9.24.2006

Through the Night

For the past several nights M has slept from the eight o'clock hour to the five o'clock hour without waking up (or waking up only to fuss herself back to sleep within a minute), and then nursed and gone back to sleep until seven or even eight.

I had stopped believing that this would ever happen. Over the past year or so, well-meaning people, noticing my exhaustion, have said things like, I hope M starts sleeping through the night soon, and I have thought, You might as well wish that she would fly off to the moon.

But we have reached that magical point. Tthe one that coworkers and random strangers began asking about when M was (no joke) less than two months old. The one that people finally stopped asking about around the time she turned one. Not, I think, because they noticed how I seemed to want to scrape my brain out with a grapefruit spoon and wipe it on the pants of whoever popped the sleep question, but because pretty much everyone (except for a few cherished friends who are also blessed with rotten sleepers) started to assume at that point that she must have been sleeping well by then.

And it is amazing, this new development. I can't say I have gotten a ton more sleep over the past few days than during the times when we were in a good co-sleeping and night nursing groove. I've been up late drinking wine (great side benefit of night weaning, by the way) and eating goat cheese with old friends in town for the weekend, and, before that, scrambling to finish a proposal for work, and, before that, knitting like a maniac on the thick grey scarf I'm making for my husband. But if I were to go to bed at a decent hour! Just think! I could sleep for, like eight hours in a row! Uninterrupted! It could happen.

These sleep changes, and my many, many posts here on the matter (for which, forgive me. Unless you are also trying to night wean your 16-month-old and get some rest, in which case, take heart and lay in a good supply of dark roast coffee and madeleines and let me know how it goes) have made me think a lot about the overshadowing role sleep has taken in my life and identity as a parent.

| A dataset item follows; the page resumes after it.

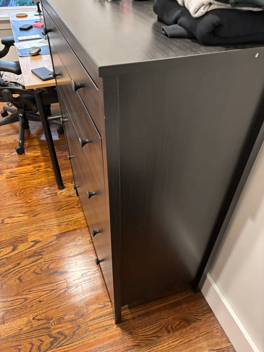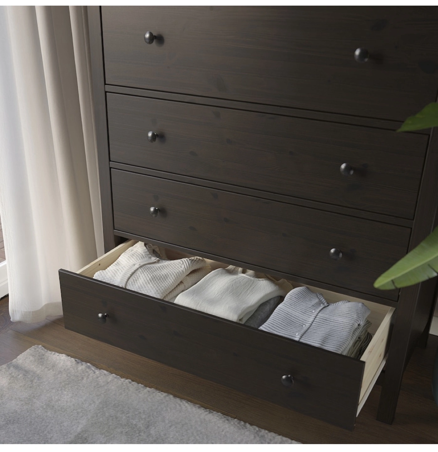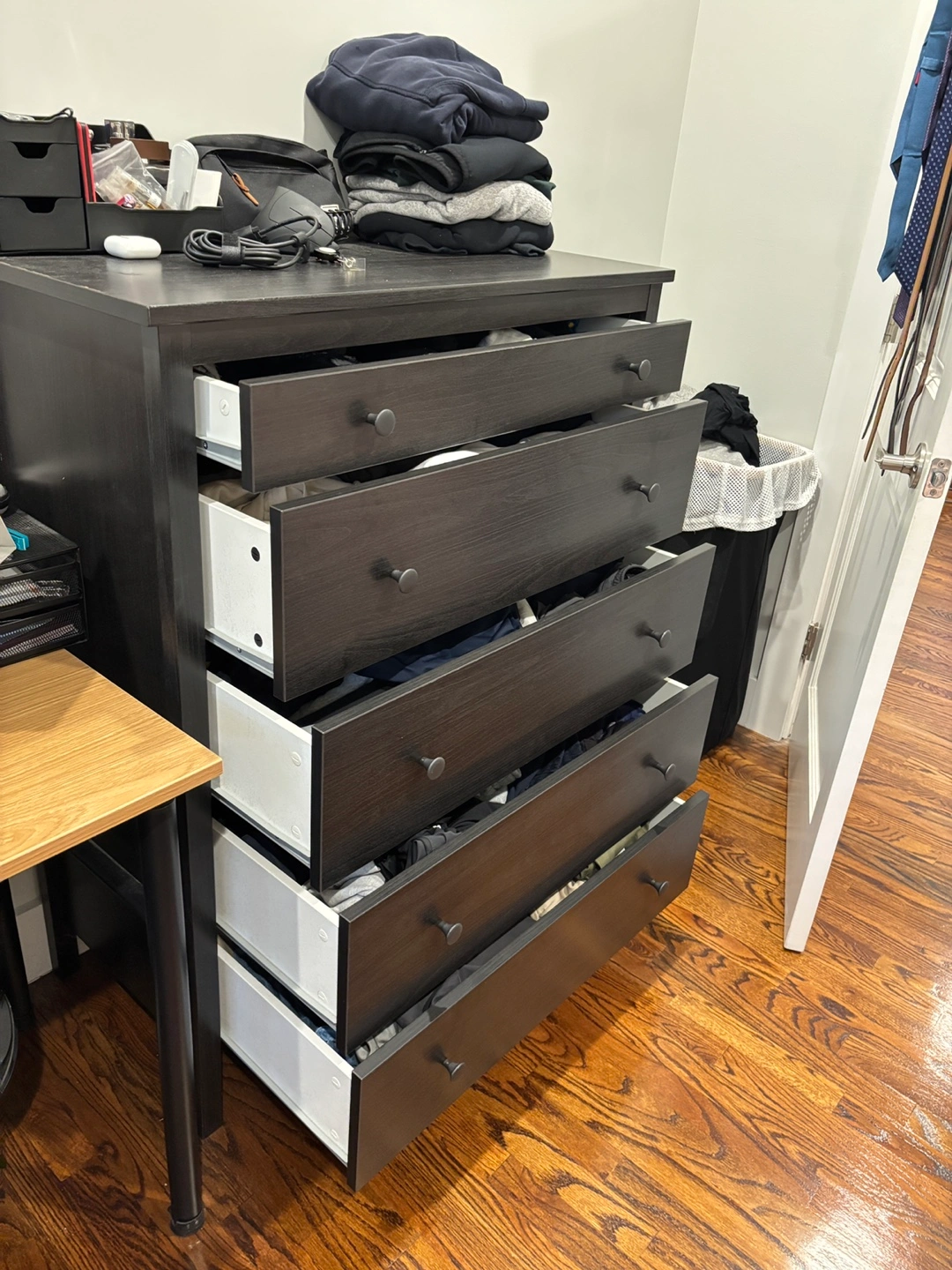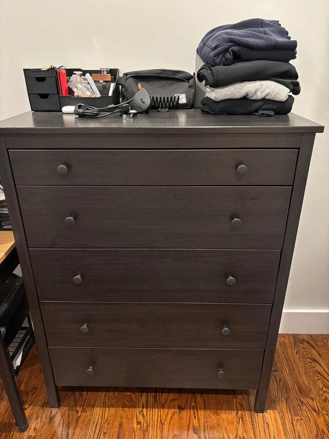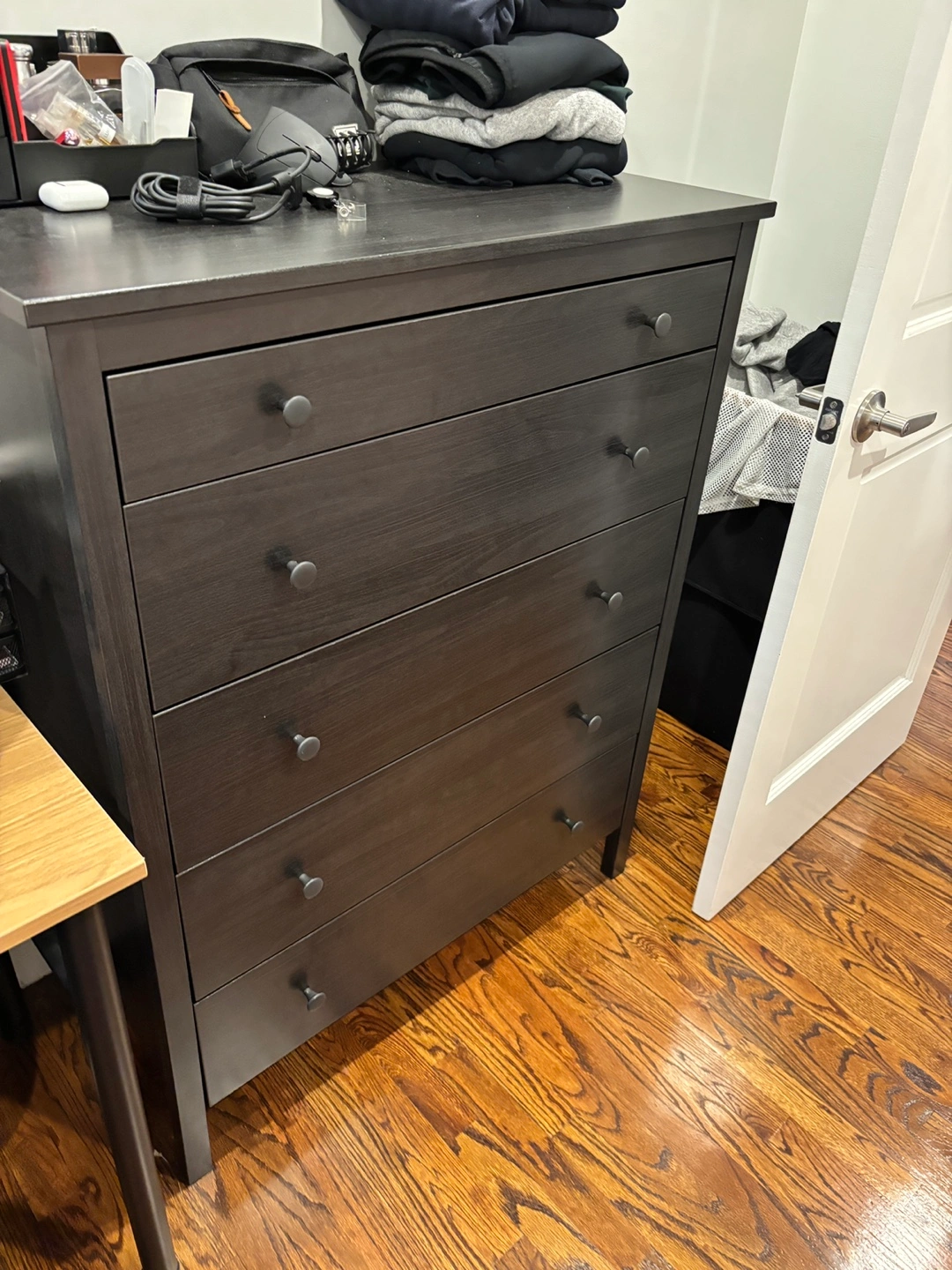 A dark-brown chest. Features five drawers with knobs. Its simple design can create a comfortable space for storing all your belongings. In great condition Pick up only in Astoria 11103 Cash only

For which I blame forces larger than myself. See above comment about random stranger sleep inquiries starting super early in baby's life. See also, some blogger I can't remember who wrote about how sleep is the big flashpoint for our generation of parents the way potty training was a big enormous deal for our grandparents. Also, decisions about sleep are one of those litmus tests that it seems people use to determine What Type of Parent You Are: Where does she sleep? Oh, you're still nursing? Oh, you let him cry? Etc.

But of course I'm to blame, too. It's still my inclination, when meeting another parent, to ask about sleep, to compare nap lengths. How many baby sleep books do I own? Three! I'm starting to think about what I've missed during all this obsession. What else could I be talking about? What other parts of my identity as a parent have atrophied as I've clamored for the elusive goal of spending more than four hours at a stretch with my eyes shut? Now that I am no longer so desparate for a decent rest—and even, dammit, if things go south and we end up awake at all hours again for some reason—I'm going to find that out.